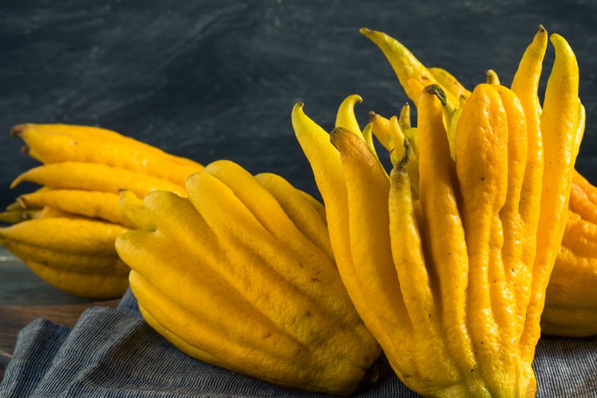 Die Buddhas Hand waschen und 1/3 davon mit einer gut geschärften Reibe, in feine Scheiben, über die sautierten Ravioli hobeln.
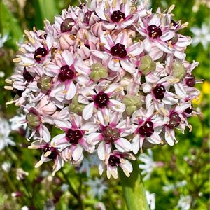 大好き ~アリウム😍 今年もたくさんの出会えますように💖 最初の登場は、、初見です♡(*⁰▿⁰*) 『アリウム・シルバースプリング』 中心がローズピンク💗の白花です… 春らしい色合い、可愛い ~💕
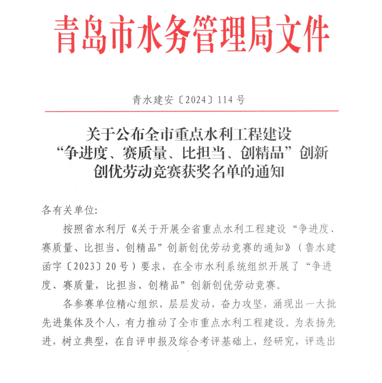 被青岛市水务局评为2024年度青岛市“争进度、赛质量、比担当、创精品”创新创优劳动竞赛文明工地、优胜集体。
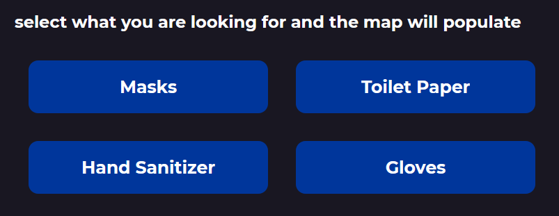 Pins can be added to the map, and specify whether hand sanitizer, masks, gloves, or toilet paper are in stock or out of stock. Pins are categorized as "Masks", "Gloves", "Hand Sanitizer" and "Toilet Paper". Pins are displayed for that category after pressing the corresponding button.
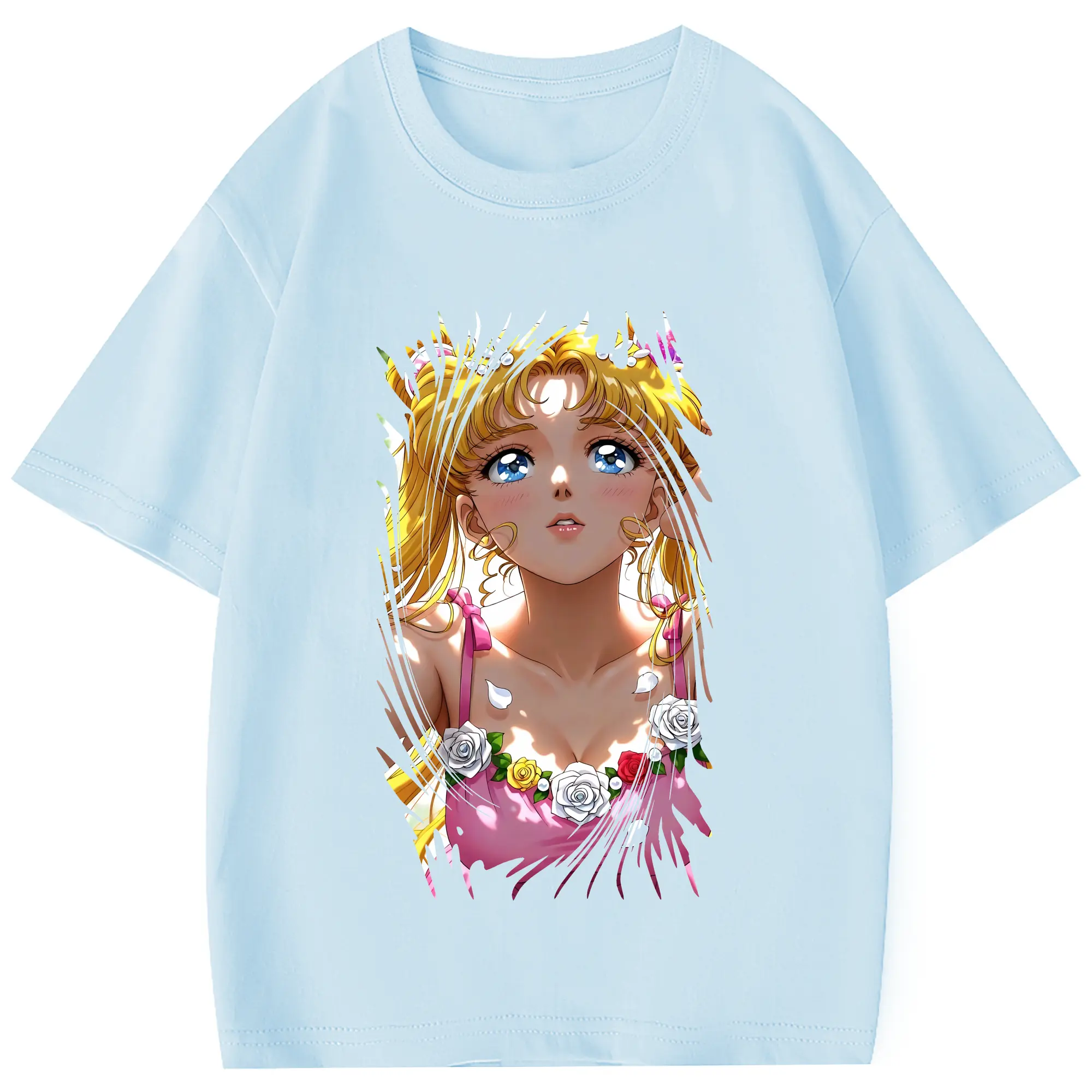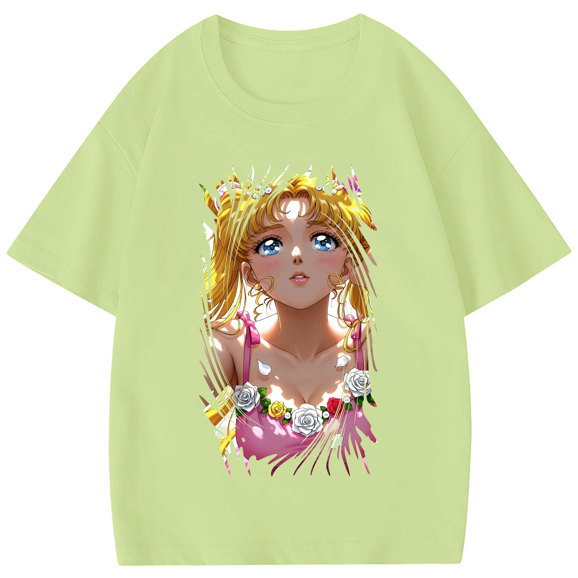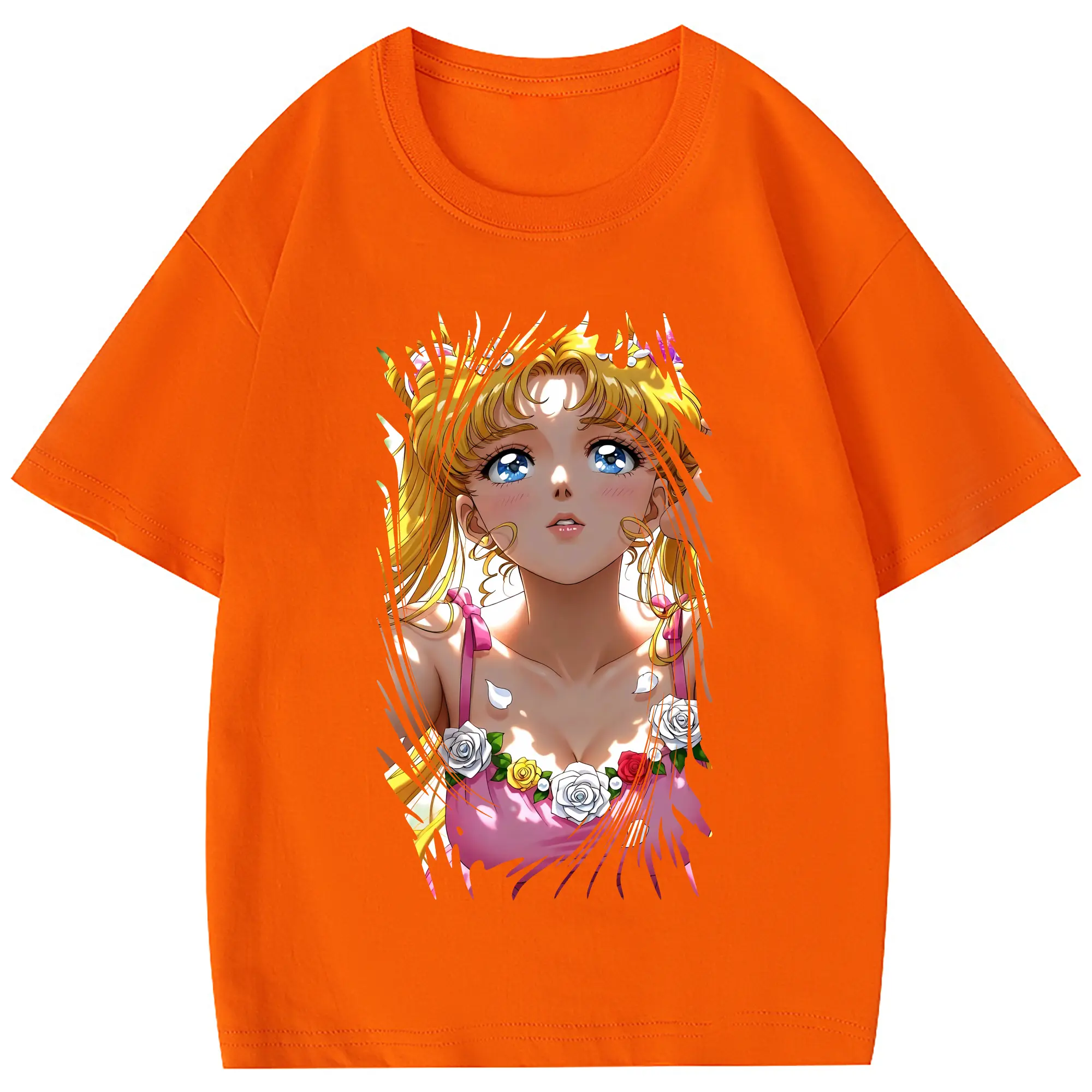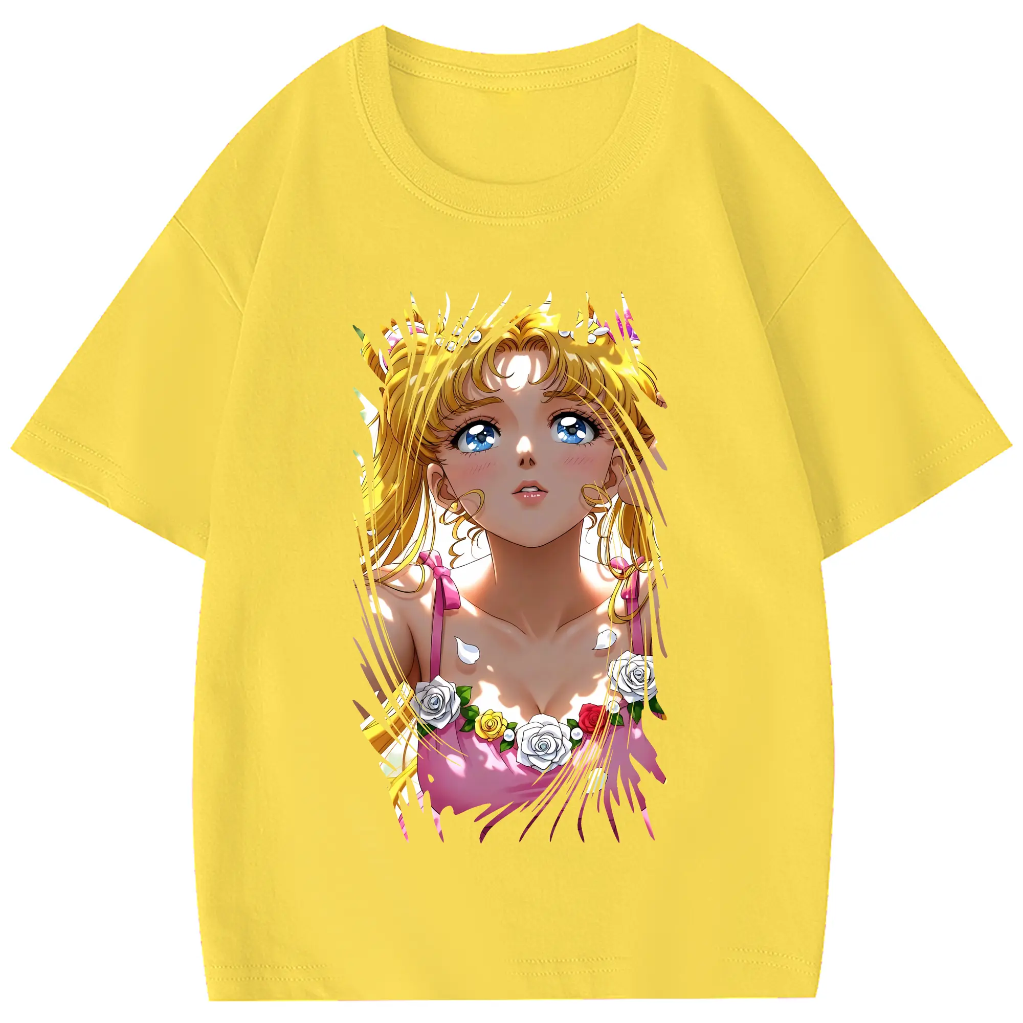 美少女戦士セーラームーン グッズ 月野 うさぎ - 綿100% 半袖Tシャツ ・ フロントプリント ・ 快適 通気性 ・ 日常使い 散歩 スポーツ用

WHAT YOU ARE ASKED TO DO
Would you retype all the lines shown above, exactly as written and without any picture?

ANSWER TO THIS EXERCISE
 Die Buddhas Hand waschen und 1/3 davon mit einer gut geschärften Reibe, in feine Scheiben, über die sautierten Ravioli hobeln.
 大好き ~アリウム😍 今年もたくさんの出会えますように💖 最初の登場は、、初見です♡(*⁰▿⁰*) 『アリウム・シルバースプリング』 中心がローズピンク💗の白花です… 春らしい色合い、可愛い ~💕
 被青岛市水务局评为2024年度青岛市“争进度、赛质量、比担当、创精品”创新创优劳动竞赛文明工地、优胜集体。
 Pins can be added to the map, and specify whether hand sanitizer, masks, gloves, or toilet paper are in stock or out of stock. Pins are categorized as "Masks", "Gloves", "Hand Sanitizer" and "Toilet Paper". Pins are displayed for that category after pressing the corresponding button.
 美少女戦士セーラームーン グッズ 月野 うさぎ - 綿100% 半袖Tシャツ ・ フロントプリント ・ 快適 通気性 ・ 日常使い 散歩 スポーツ用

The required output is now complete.